Role of adaptive immune cells in the anti‐colitic effect of helminth antigen‐pulsed dendritic cells (650.17)

Role of adaptive immune cells in the anti‐colitic effect of helminth antigen‐pulsed dendritic cells Chelsea E. Matisz 1 , Arthur Wang 1 , Keith A. Sharkey 1 , Derek M. McKay 1 . Department of Physiology & Pharmacology, University of Calgary, AB, Canada. Helminth parasites have evolved as potent modulators of the host immune system. Epidemiological, experimental, and clinical trials report that infection with helminths can attenuate concomitant inflammatory disease.
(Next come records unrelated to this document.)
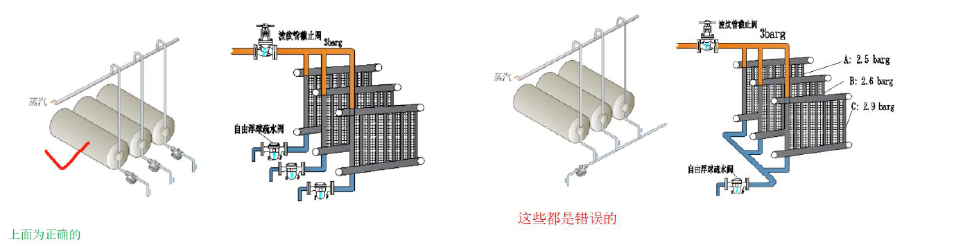 B、高壓和低壓的冷凝水必須分開不同管道回收,這一點我們經常強調,這里不多解釋了。
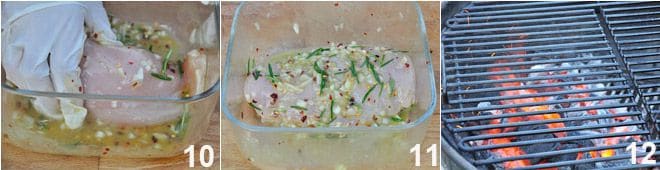 then turn the chicken slices well in the bowl so they absorb the marinade well 10 and leave them like this for an hour 11. Then bring the barbecue to temperature 12, placing a brick, previously covered with a sheet of aluminum foil, to heat on the grill.
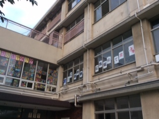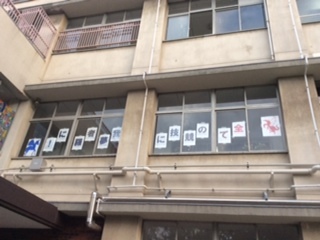 正門を入って右側、2階図書室前の窓に掲示されました。
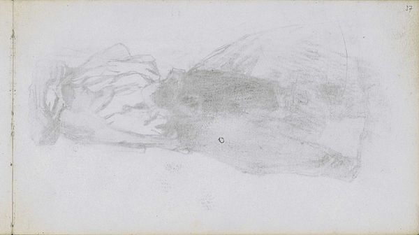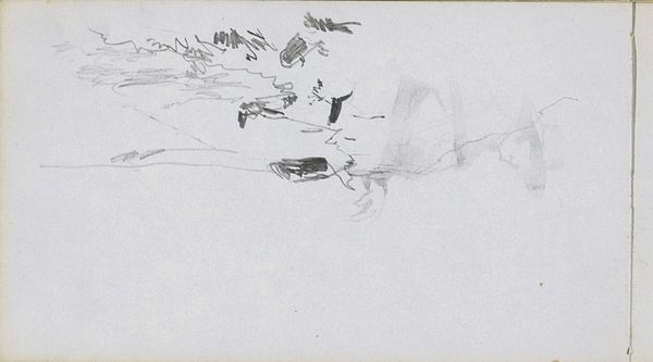Curator: This work, "Abklatsch van de tekening op pagina 13 recto", made sometime between 1834 and 1903, is a pencil drawing by Johan Hendrik Weissenbruch, currently held at the Rijksmuseum. What are your initial thoughts? Editor: A faint landscape emerges, or rather, is suggested. It’s melancholic, almost ethereal, possessing a haunting ambiguity through the limited tonal range of pencil on paper. It reminds me a bit of a half-remembered dream. Curator: Notice how Weissenbruch employs a masterful interplay of light and shadow using dry media, with the barest minimum of marks. The overall composition favors a horizontal arrangement, directing the eye across the implied land and sky. It's as much about what isn't there as what is. Editor: I agree. It also appears quite vulnerable in its simplicity. As Weissenbruch renders what appears to be a serene countryside, I think about the socioeconomic tensions arising in late 19th century Netherlands—the increasing disparity between the wealthy urban class and those living in rural communities. Was this idyllic vision of pastoral life, presented with muted, almost ghost-like, visual vocabulary a deliberate response? Curator: I appreciate your social read on the work. But from a purely formal standpoint, consider the economy of means—the restraint and precision of the pencil work is exquisite. This suggests that it can stand alone without having to reach so much beyond its aesthetic borders. Editor: True, Weissenbruch displays technical brilliance, but even such 'objective' elements don't exist in a vacuum. A 'simple' landscape can speak to complex lived experiences. Curator: An astute point. But for me, its enduring appeal is the pure, unadulterated focus on the rendering of form through delicate gradations. Editor: And perhaps for others, the real power rests in its potential to act as a visual touchstone to the artist's era. It encourages us to reflect on society as a whole. Curator: I see your perspective, and in the end, I suppose this is how we keep art alive. By looking through both lenses. Editor: Indeed. And enriching our understanding of its context in time.

The role of dendritic cells (DC) in these protective immune responses has only recently been explored. The adoptive transfer of in vitro derived dendritic cells, when pulsed with antigens from the helminth Hymenolepis diminuta (HD), protect recipient mice against dinitrobenzene sulfonic acid (DNBS)‐induced colitis. The transfer of HD‐pulsed DCs (HD‐DC) is associated with reduced disease activity scores, colonic myeloperoxidase (MPO) activity, improved histology damage scores, and increased IL‐4 and IL‐10 in stimulated splenocytes compared to DNBS only controls. As these cytokines are indicative of Th2 responses, we assessed the role of adaptive immunity in the protective effect of HD‐DCs. DCs were generated in vitro , treated with HD antigen for 24 hours, and transferred (10 6 , ip) to wild type and RAG deficient mice, which lack T and B cells. DNBS colitis was induced 48 hours after cell transfer, and necropsies performed 3 days later. Significantly less DNBS‐induced disease was observed in WT animals treated with HD‐DCs, compared to RAG deficient mice treated with HD‐DCs (n=6‐12, 2 experiments; F( 2,39 )=8.45, p=0.001). HD‐DCs significantly suppressed colonic MPO in both WT and RAG deficient mice. These results suggest that while T and/or B cells are essential to the anti‐colitic clinical response driven by HD‐DC, they are not required for reduced granulocyte infiltration. Overall these experiments highlight the therapeutic value of helminth antigens, and their potential to program DCs to attenuate inflammatory disease.